Due to these steps, the U.S. was fated to sleepwalk into the pandemic. The COVID death toll in the U.S. stands at more than 1.2 million, and its reported death rate from COVID of 341.1 per 100,000 population is the highest in the developed world.
Ventilators, masks and gowns? Trump placed the procurement of this essential personal protective equipment in the hands of his son-in-law, Jared Kushner, who handled the task incompetently. Kushner turned away urgent appeals from state and local officials for those supplies.
“The notion of the federal stockpile was it’s supposed to be our stockpile, it’s not supposed to be states’ stockpiles that they then use,” Kushner said at a briefing.

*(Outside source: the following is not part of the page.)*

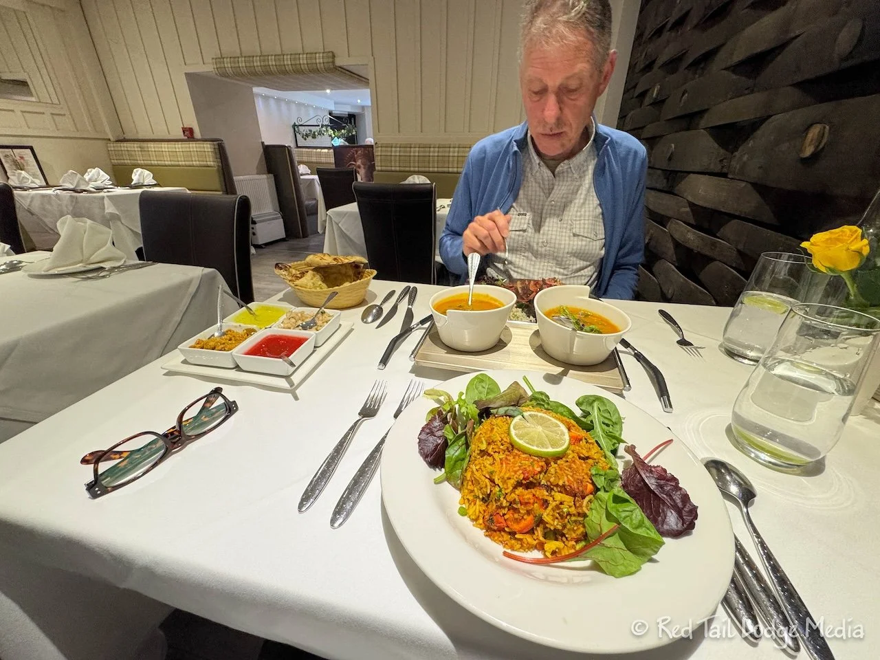 Ann ordered the coronation chicken ciabatta while Keith had the tomato and pepper soup. Coronation chicken is an English dish which was created for the coronation of Queen Elizabeth II in 1953. The chicken is seasoned with parsley, thyme, bay leaf, cumin, turmeric, ginger, and peppercorns, then mixed with cream or mayonnaise along with dried apricots or sultanas (white grapes). It was pretty tasty.
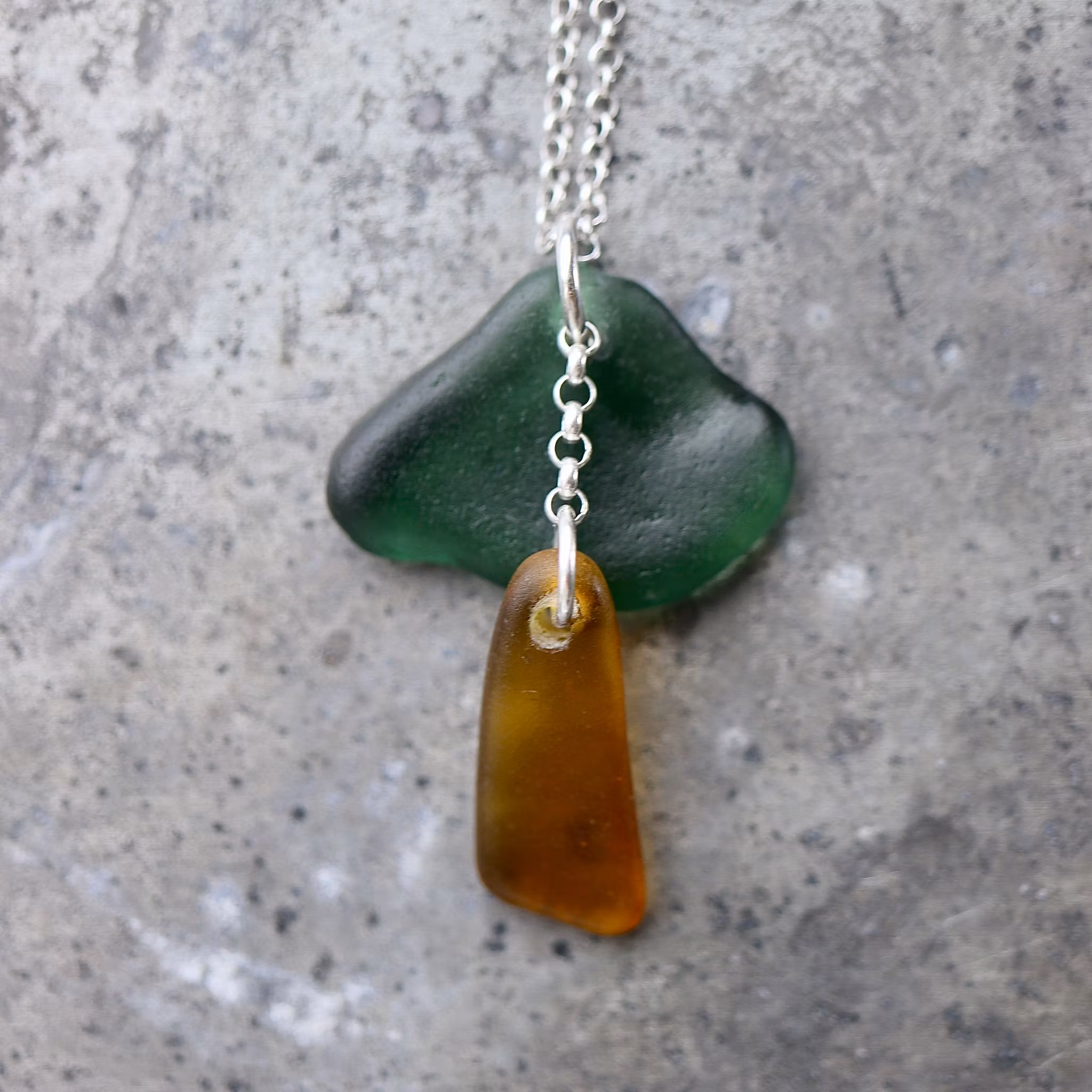 Havsglaset är samlat längs Skånes stränder och helt obearbetat, endast varsamt tvättat och borrat.

Following his remarks, the website of the government’s national strategic stockpile of medicines and supplies was changed from asserting that its purpose was to “support” the emergency efforts of state, local and tribal authorities by ensuring that “the right medicines and supplies get to those who need them most.” The new language redefined the stockpile’s role as “to supplement state and local supplies … as a short-term stopgap.”
Supplies of ventilators, masks and gowns remained scarce through the first months of the pandemic. A procurement official at a Massachusetts hospital system told me of having had to cut a deal with a shadowy broker offering 250,000 Chinese-made masks at an inflated price, completing the transaction for $1 million at a darkened warehouse five hours from home.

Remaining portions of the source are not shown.